Dataset extract:

....................

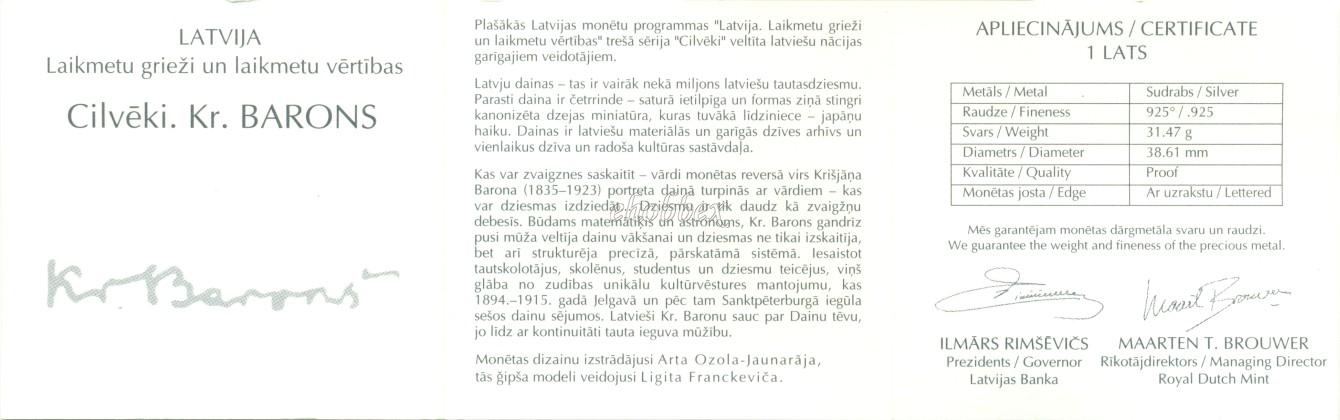 Кришьянис Барон (лтш. Krišjānis Barons; 31 октября 1835, Струтеле, Курляндская губерния — 8 марта 1923, Рига) — латышский писатель, фольклорист и общественный деятель, собиратель латышских народных песен (дайн). Активный участник прогрессивно-национального движения «младолатышей» 1860-х годов.
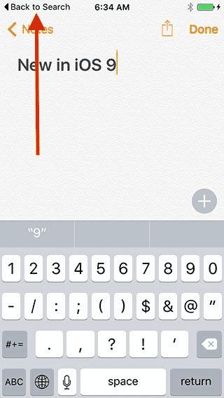 在iOS9中,如果你从全新的Spotlight或者是通过横幅通知打开应用的话,左上角将会出现“Backtoxxx”的提示,点击即可返回上一个应用或Spotlight搜索界面。
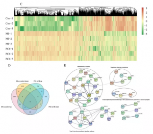 為了探討針刺治療心肌梗死的機(jī)制,作者利用納米孔完成了不同組的基因表達(dá)檢測(cè)。RNA-seq結(jié)果顯示,與對(duì)照組相比,MI組有5083個(gè)差異表達(dá)基因,PC6組與MI組相比有324個(gè)差異表達(dá)基因。通過(guò)聚類分析將對(duì)照組、MI組和PC6組中上調(diào)和下調(diào)基因制作熱圖和維恩圖,發(fā)現(xiàn)MI組2773個(gè)差異基因上調(diào),針刺治療下調(diào)了其中的65個(gè)差異基因,同時(shí),在MI組的2308個(gè)下調(diào)的差異基因中,針刺治療可逆轉(zhuǎn)19個(gè)差異基因的表達(dá)。作者推測(cè)這84個(gè)差異基因可能是針刺抗心肌缺血作用的關(guān)鍵靶點(diǎn)?;赟TRING數(shù)據(jù)庫(kù)對(duì)MI和PC6共同調(diào)控的差異基因進(jìn)行蛋白-蛋白相互作用(PPI)網(wǎng)絡(luò)分析。結(jié)果表明,蛋白質(zhì)主要富集了4類,主要包括:炎癥反應(yīng),肌動(dòng)蛋白細(xì)胞骨架的調(diào)節(jié),I型干擾素介導(dǎo)的信號(hào)通路,以及RNA聚合酶II基因DNA在核外周的轉(zhuǎn)錄依賴鏈。
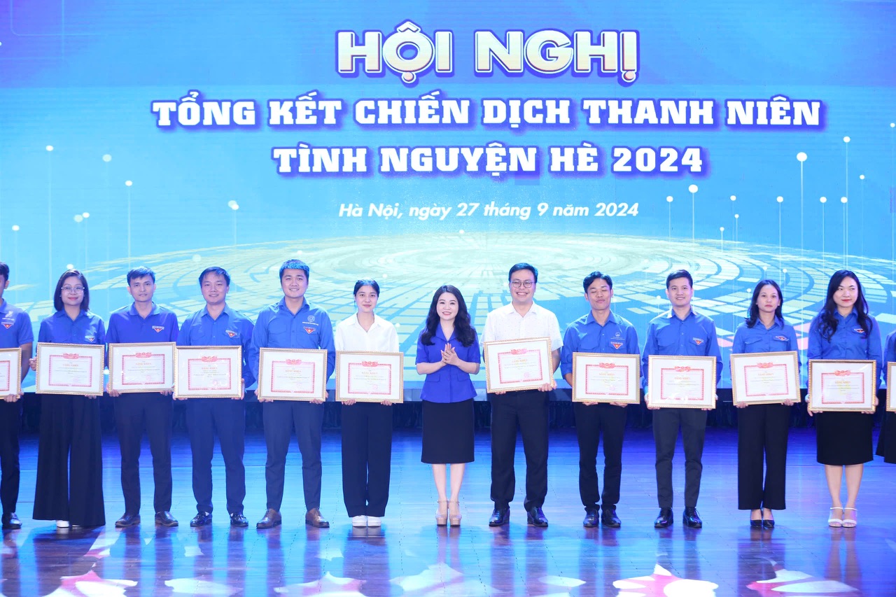 Bí thư Thành đoàn Hà Nội Chu Hồng Minh trao Bằng khen của Trung ương Đoàn TNCS Hồ Chí Minh cho các cá nhân có thành tích xuất sắc trong chiến dịch Thanh niên tình nguyện Hè 2024

....................

Your assignment:
All of the material shown above needs to be duplicated exactly. Omit every picture.

Answer to this task:
 Кришьянис Барон (лтш. Krišjānis Barons; 31 октября 1835, Струтеле, Курляндская губерния — 8 марта 1923, Рига) — латышский писатель, фольклорист и общественный деятель, собиратель латышских народных песен (дайн). Активный участник прогрессивно-национального движения «младолатышей» 1860-х годов.
 在iOS9中,如果你从全新的Spotlight或者是通过横幅通知打开应用的话,左上角将会出现“Backtoxxx”的提示,点击即可返回上一个应用或Spotlight搜索界面。
 為了探討針刺治療心肌梗死的機(jī)制,作者利用納米孔完成了不同組的基因表達(dá)檢測(cè)。RNA-seq結(jié)果顯示,與對(duì)照組相比,MI組有5083個(gè)差異表達(dá)基因,PC6組與MI組相比有324個(gè)差異表達(dá)基因。通過(guò)聚類分析將對(duì)照組、MI組和PC6組中上調(diào)和下調(diào)基因制作熱圖和維恩圖,發(fā)現(xiàn)MI組2773個(gè)差異基因上調(diào),針刺治療下調(diào)了其中的65個(gè)差異基因,同時(shí),在MI組的2308個(gè)下調(diào)的差異基因中,針刺治療可逆轉(zhuǎn)19個(gè)差異基因的表達(dá)。作者推測(cè)這84個(gè)差異基因可能是針刺抗心肌缺血作用的關(guān)鍵靶點(diǎn)?;赟TRING數(shù)據(jù)庫(kù)對(duì)MI和PC6共同調(diào)控的差異基因進(jìn)行蛋白-蛋白相互作用(PPI)網(wǎng)絡(luò)分析。結(jié)果表明,蛋白質(zhì)主要富集了4類,主要包括:炎癥反應(yīng),肌動(dòng)蛋白細(xì)胞骨架的調(diào)節(jié),I型干擾素介導(dǎo)的信號(hào)通路,以及RNA聚合酶II基因DNA在核外周的轉(zhuǎn)錄依賴鏈。
 Bí thư Thành đoàn Hà Nội Chu Hồng Minh trao Bằng khen của Trung ương Đoàn TNCS Hồ Chí Minh cho các cá nhân có thành tích xuất sắc trong chiến dịch Thanh niên tình nguyện Hè 2024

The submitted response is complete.